(Records contained in a dataset)
=== Section Start ===

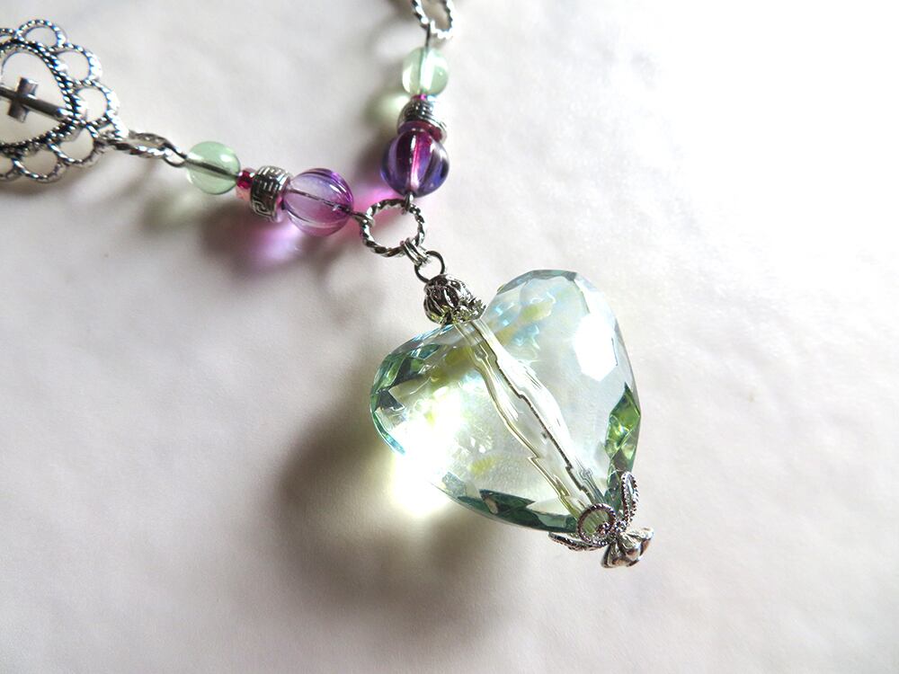 シルバーとクリア感が美しいリーフグリーン×イエローグラデーションのハートチャームを使用したボリューミーなネックレス。
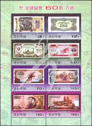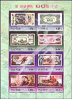 朝鲜货币流通60周年,各时期及各种面值的朝鲜货币小版张(8票)
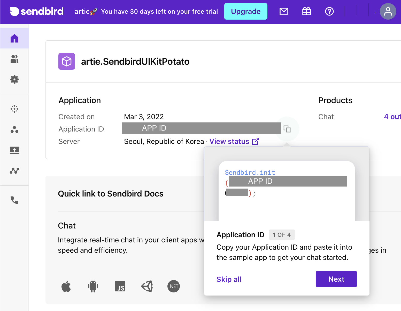 회원가입을 완료하고 대시보드로 들어가게 되면 Application Id 란에 있는 값을 확인할 수 있음.
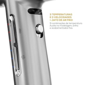 Desfrute da versatilidade das 3 temperaturas, 3 velocidades e do jato de ar frio, permitindo até 9 combinações ideais para todos os tipos de cabelo.
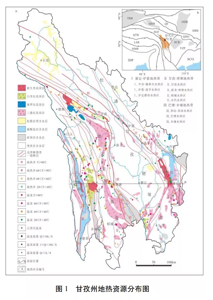 據最新調查成果,甘孜州的水熱活動強烈,全州共有溫泉點264 個,地熱井17 口, 除色達縣外,其余17 縣均有水熱活動。 全州溫泉分布主要受 3 條深大斷裂帶和數條主要大斷裂(德格-鄉城大斷裂帶、玉科大斷裂帶、 陳支大斷裂帶等)控制,形成了3個主要地熱帶和9個水熱活動集中分布區的基本分布格局。水熱活動強烈區一般位于主干斷裂帶及其轉 折的部位,以康定縣、甘孜縣、理塘縣、巴塘縣 為典型代表。
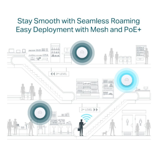 With Mesh technology, Omada EAPs save you from extra wires by wirelessly extending your WiFi signal further and more flexibly to hard-to-wire areas.
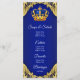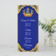 Meny för prinsens baby shower med vacker kunglig blå och guld krona på en elegant kunglig blå och guld virvlande bakgrund. Dessa kungliga blå och guld prins baby shower menyer är lätta att anpassa för ditt evenemang genom att helt enkelt lägga till dina detaljer i den teckensnittsstil och layout du föredrar.

=== Section End ===

## Prompt
What you give back should be exactly the lines from the top of the data above down to and including the line with "Desfrute da versatilidade", minus any pictures.

## Response area
 シルバーとクリア感が美しいリーフグリーン×イエローグラデーションのハートチャームを使用したボリューミーなネックレス。
 朝鲜货币流通60周年,各时期及各种面值的朝鲜货币小版张(8票)
 회원가입을 완료하고 대시보드로 들어가게 되면 Application Id 란에 있는 값을 확인할 수 있음.
 Desfrute da versatilidade das 3 temperaturas, 3 velocidades e do jato de ar frio, permitindo até 9 combinações ideais para todos os tipos de cabelo.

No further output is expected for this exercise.